Julia : « En février 2018, notre deuxième fille est née. Bastien venait de temps en temps s’occuper de notre aînée, l’amenait et la ramenait de l’école, mais à ce moment-là, il estimait ne pas avoir un appart assez grand pour la prendre à dormir. A bout de quelques mois, lui et sa copine ont trouvé la solution de la faire dormir chez ses parents à elle. J’aurais plutôt choisi de mettre un matelas par terre dans le salon que de lui imposer encore un dépaysement et des personnes nouvelles, mais ce n’était pas mon choix. »

« On a commencé avec une garde alternée pour l’aînée à la rentrée 2018, au moment où son père a récupéré ses affaires et déménagé complètement. Un mois après, on a mis en place une garde alternée très progressive pour le bébé, qui avait sept mois. Bastien voulait faire du 50-50 tout de suite, mais moi j’étais sceptique par rapport à cette solution avec un si petit bébé, que j’allaitais toujours. Finalement, on est à 50-50 (2 jours/2 jours/3 jours) depuis pâques 2019, maintenant qu’elle a 15 mois. »

« Avoir une colloc’, ça m’a sauvée »

Julia : « En parallèle, j’ai une amie, la marraine de ma fille aînée, qui est venue vivre en collocation avec moi. Elle vient de passer six mois ici, avant de partir six mois à l’étranger. Elle me laisse ses affaires pendant ce temps. C’était super d’avoir une colloc’, ça m’a un peu sauvée. Quand elle est partie, je me suis rendu compte à quel point le fait d’avoir les filles seule était lourd. C’est à ce moment-là que j’ai proposé à Bastien de passer à 50-50. Parce que ça se passe bien et parce que j’ai besoin d’avoir du repos. Notre bébé a l’air de le vivre très bien, même si elle ne peut pas verbaliser. Elle est super joyeuse et je ne vois pas de changement dans son comportement. Quand elle va mal, il y a toujours une raison, une dent ou autre chose. Avec l’aînée, c’est un peu plus compliqué : à chaque fois que je la récupère, elle me demande combien de nuits elle va rester. Si je réponds deux, elle me dit « oh non, trois… » Mais je n’ai pas l’impression que c’est une grande tristesse pour elle. »

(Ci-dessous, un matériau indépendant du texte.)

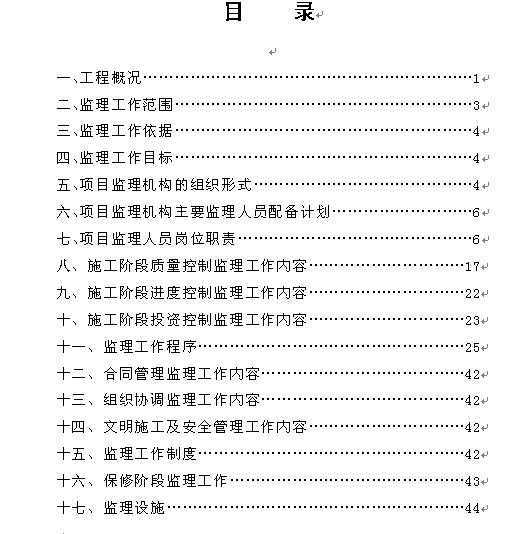 介绍: 监理内容包括铝厂 电解生产系统、阳极生产系统、供电整流系统、辅助生产系统、总图及管网系统等安装工程。涉及到冶炼、电气、机械、工程测量、工程造价、筑炉等专业。 一、工程概况………………………………………………………1 二、监理工作范围…………………………………………………3 三、监理工作依据…………………………………………………4 四、监理工作目标…………………………………………………4 五、项目监理机构的组织形式……………………………………4 六、项目监理机构主要监理人员配备计划………………………6 七、项目监理人员岗位职责………………………………………6 八、施工阶段质量控制监理工作内容…………………………17 九、施工阶段进度控制监理工作内容…………………………22 十、施工阶段投资控制监理工作内容…………………………23 十一、监理工作程序……………………………………………25 十二、合同管理监理工作内容…………………………………42 十三、组织协调监理工作内容…………………………………42 十四、文明施工及安全管理工作内容…………………………42 十五、监理工作制度……………………………………………42 十六、保修阶段监理工作………………………………………43 十七、监理设施…………………………………………………44

« Ça ne fait que quelques semaines que je me retrouve vraiment seule et ça me fait un peu bizarre. Il faut que je m’organise des activités, des choses à faire… Avec Bastien, la relation est apaisée, on peut sans problème échanger des jours si l’un de nous reçoit une visite ou parler de la gestion de l’école. Ça devient un peu plus crispé quand ça touche à des sujets personnels ou au passé. En avril, notre aînée était en vacances avec son père pour son anniversaire. J’avais proposé à Bastien qu’on le fête tous ensemble ou, s’il ne voulait pas, que je l’emmène manger une glace. Il ne voulait ni l’un ni l’autre : il m’a dit que ça lui faisait trop mal de me voir. Ça fait un an et demi qu’il a une nouvelle compagne, on pourrait penser qu’il va mieux, mais j’ai l’impression que j’ai plus fait le deuil que lui. Je ne pense plus à nous, je suis même super contente de m’être séparée, je me redécouvre une vie ! Je n’ai plus des sentiments aussi plats qu’avant la séparation. J’ai des intérêts, des émotions, dans ma vie intime et dans ma vie professionnelle ! »

Boulot et immo, « des sources de conflits »

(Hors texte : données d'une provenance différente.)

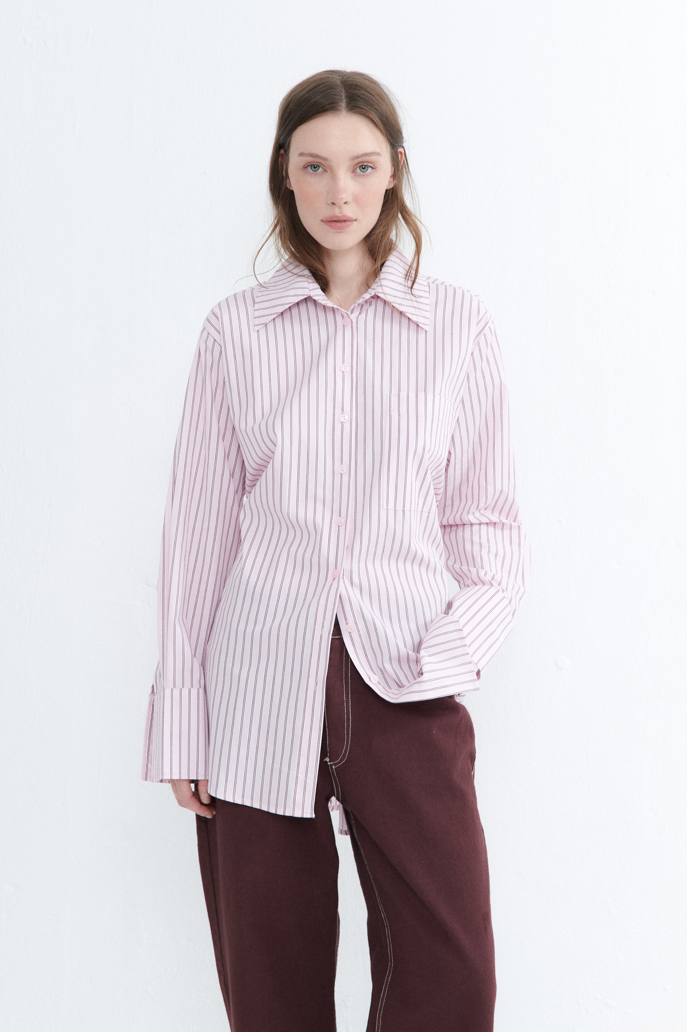 DESCRIPCIÓN: Camisa de poplín de fit amplio. Detalle de tiras en los laterales de la misma tela para ajustar en cintura. Puños anchos. Detalle de tablón en espalda. Bolsillo amplio en el delantero.

Julia : « Au moment de la séparation, j’ai eu très envie de rentrer en Allemagne, mais je ne me voyais pas enlever notre fille aînée à son père, je ne sais même pas si légalement j’aurais pu le faire. Et déménager sans les enfants, c’était hors de question. Avant la séparation, j’avais déjà un peu le mal du pays, et après, je n’allais pas super bien, mais il se trouve qu’avant notre rupture, on s’était engagé dans un projet immobilier avec d’autres familles. Ce projet m’a donné l’impression que je pourrais me construire un chez-moi ici. Ça a été une petite source de conflit avec Bastien : pendant la transition, on s’est dit qu’on allait rester ensemble dans ce projet, avec deux apparts l’un au-dessus de l’autre, les chambres des filles communicantes, avec entrée des deux côtés. Mais sous la pression de sa compagne, il a finalement décidé de se retirer. Au départ, j’étais vraiment fâchée, parce que je ne savais pas comment j’allais financer ma part seule. Mais je crois aujourd’hui que c’était une bonne décision. Grâce à mes parents, qui prennent un crédit à ma place en Allemagne, je peux rester dans ce projet. »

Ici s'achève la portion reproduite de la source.